«Cada criança é dotada de uma singularidade ímpar, que a torna especial e única»

Como podemos definir socialização infantil?

A socialização é um processo interactivo necessário ao desenvolvimento, através do qual a criança satisfaz as suas necessidades e assimila os hábitos da cultura na qual está inserida.

Inicia-se com o nascimento e, embora com mudanças, permanece ao longo de todo o ciclo de vida. A socialização infantil é a que ocorre durante o período da infância e tem como principal objectivo que as crianças tenham contacto e obtenham conhecimento do que é mau e bom, correcto e incorrecto na sociedade onde pertencem, e que interiorizem esses valores e actuem de acordo com os mesmos.

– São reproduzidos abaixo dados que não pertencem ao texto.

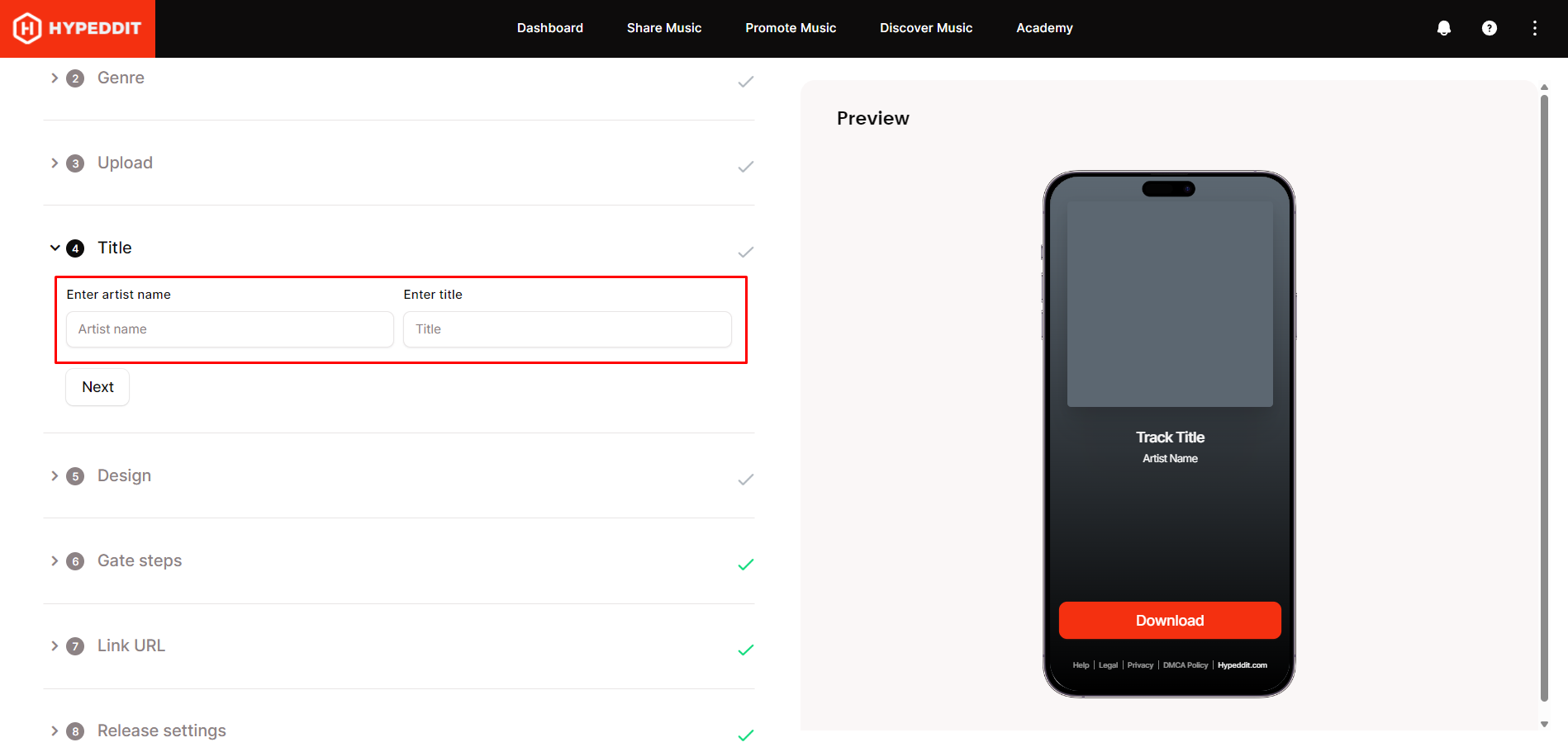Step 5. Enter your "Artist Name" and track "Title" - or check that the information that was automatically populated for you is correct.

A partir de que momento da vida da criança a socialização acontece ou deve acontecer?

A criança nasce num estado de elevada imaturidade sendo a socialização um instrumento fundamental ao seu desenvolvimento. A socialização deve ocorrer logo na infância da criança, ou seja, nos primeiros anos de vida, pois nesta fase a criança começa a ter contacto com o mundo que a rodeia.

Qual a importância da socialização para as crianças?

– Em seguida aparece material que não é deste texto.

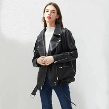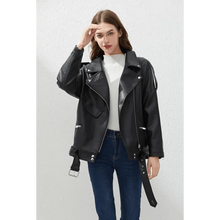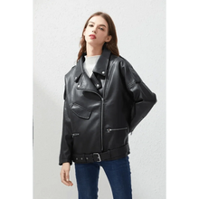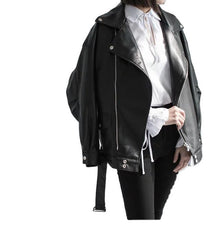 PU Faux Leather Jacket Women Loose Sashes Casual Biker Jackets Outwear Female Tops BF Style Black Leather Jacket Coat

A socialização é fulcral porque permite que a criança possa agir de forma adequada em sociedade, seguindo as directrizes da moralidade. Permite também que a criança interaja com outras pessoas e, consequentemente, ajuda a melhorar a comunicação e a formar a sua identidade. A interiorização das normas vigentes na sociedade e o seu respeito possibilitam que a criança se desenvolva de forma saudável, estabelecendo vários vínculos sociais duradouros e adequados, bem como a desenvolver a sua empatia face ao outro e às suas necessidades.

É importante também porque a criança passa a ter contacto com várias situações e várias pessoas, fazendo com que a criança desenvolva uma atitude mais tolerante em relação à diferença.

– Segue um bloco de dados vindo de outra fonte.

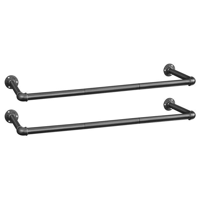 Jeho jednoduchý a nadčasový design se snadno integruje do různých interiérů, od moderních po industriální styly. Věšák je tvořen dvěma samostatnými tyčemi s pevnými úchyty pro bezpečné připevnění na stěnu.
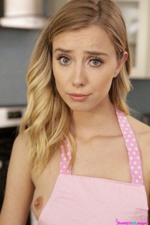 Half-naked blonde in a pink apron washes the dishes when the dude comes to distract her and to seduce her into making sex on the kitchen floor right away
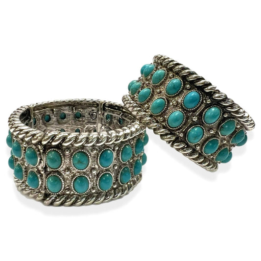 Hammered Silver Metal Stretch Bracelet with Bubble Edge
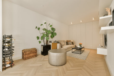 Designed in a minimalistic style living room interior
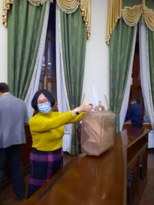После вскрытия ящика для голосования были подведены итоги голосования. Заместителем председателя ЯГТИК большинством голосов избран Гриценко В.И. (стаж работы в ЯГТИК 20 лет, юрист). Секретарем -Иванова С.Е. (стаж работы в ЯГТИК 9 лет, юрист).

Que consequências o período de confinamento terá nas crianças?

Foi uma situação nova, única, para a qual nenhum de nós estava preparado. Obviamente que tal facto terá um impacto directo nas nossas vidas, que será sentido no curto prazo e dependendo da forma como o vivermos, também a médio e longo prazo. No entanto, o confinamento foi a opção contra a catástrofe e se pensarmos desta forma vemo-lo como algo positivo, adoptando uma postura optimista face à realidade.

É verdade que o confinamento trouxe consigo a impossibilidade de sair de casa, de realizar as rotinas a que estávamos habituados, de estar com os amigos, na escola, nos trabalhos e, em muitos casos, impediu que as crianças e os seus pais estivessem com a família, em especial os avós.

Perante uma situação nova com evidentes alterações das rotinas diárias é natural que as crianças se sentissem mais tristes, ansiosas, eventualmente confusas e com medo. As saudades da escola, dos amigos, mas também a situação de incerteza e desconhecido pode ter sido a causa de mais birras ou dependência.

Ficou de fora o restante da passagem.